Stephanie, across the hall, seems astonished by my inquiry but then confesses she wanted a Barbie Dream House but got a Lego-type one instead.

Our soccer captain, Sophie, mentions an athletic rivalry with her older sister. “Liv had skill,” she says, “but I had desire. I wondered why God spent the skill on her. I wished He would take away her talent and give it to me. But I learned that sometimes you have to work for things.”

Katie stands in the lobby wearing a blue-checkered dress, a costume for the school play, while a seamstress hovers around her. “I always wanted to be on Broadway,” says Katie, flashing a full smile. “I went to the circus. I asked, ‘Please let me be in the circus!’” Katie became a professional ballerina instead, then gave that up for school.

Tella wanted riding lessons. Danielle wanted moon shoes.

“It’s … hard … to … phrase …” says Josiah, standing in the lobby. “I wanted a strong sense of community beyond my nuclear family—to be unconditionally cared for by a community of believers.” And instead of the Legos he wanted for Christmas he got books, “which,” he adds, “was the beginning of a very good thing.”

I call over the railing to young man sitting on the couch.

“Marshall!

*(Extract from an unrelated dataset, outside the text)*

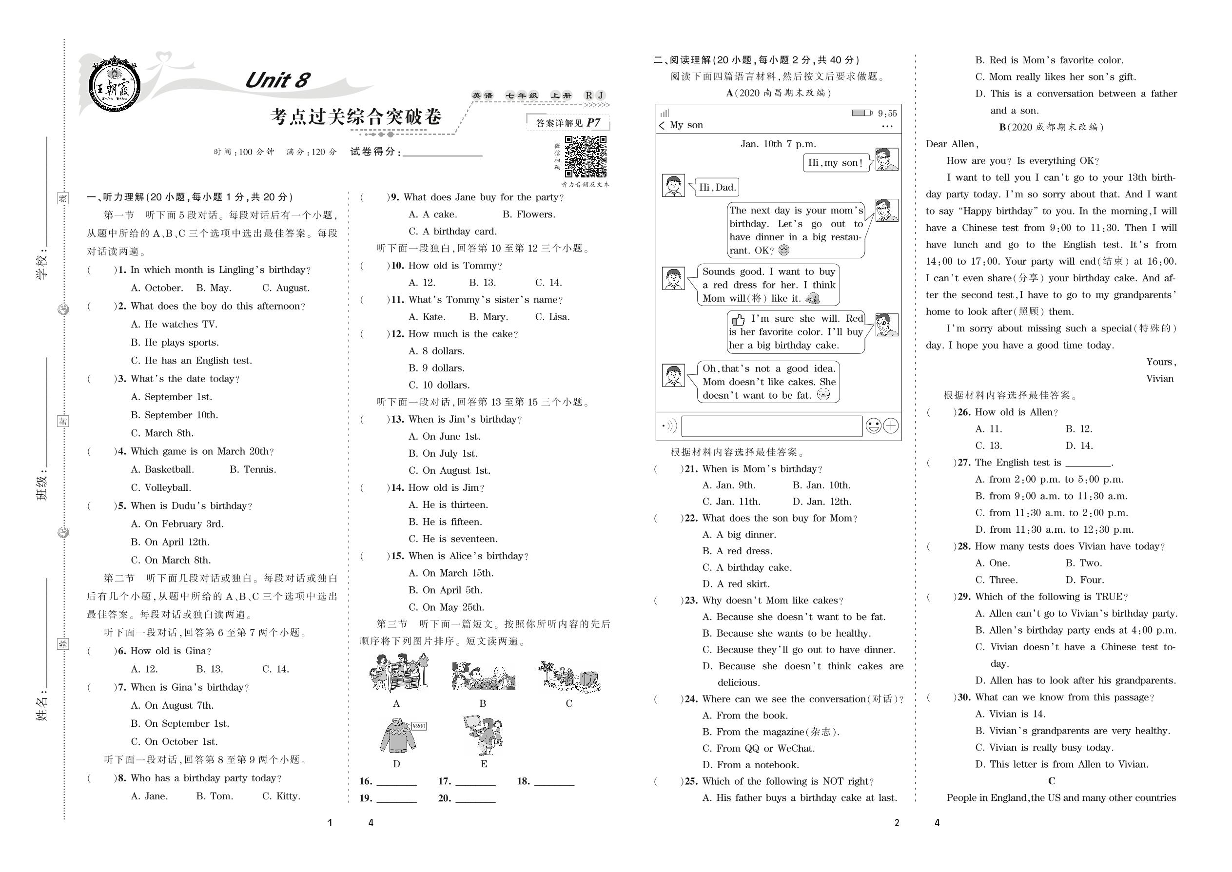 2020上册七年级英语人教版 Unit 8 考点过关综合突破卷

What’s one thing you wanted and never got?”

He removes his headphones. “To fly a helicopter.”

I think what really propels me around, asking strange questions, is a deep belief that desire matters. That, and genuine curiosity. The people I ask smile, take unexpected journeys to their interiors, and bring me back treasure.

They know about thwarted desire. It brings to mind this tasty advice from Ray Bradbury’s book Zen in the Art of Writing:

“Be certain of this: When honest love speaks, when true admiration begins, when excitement rises, when hate curls like smoke, you need never doubt that creativity will stay with you for a lifetime.”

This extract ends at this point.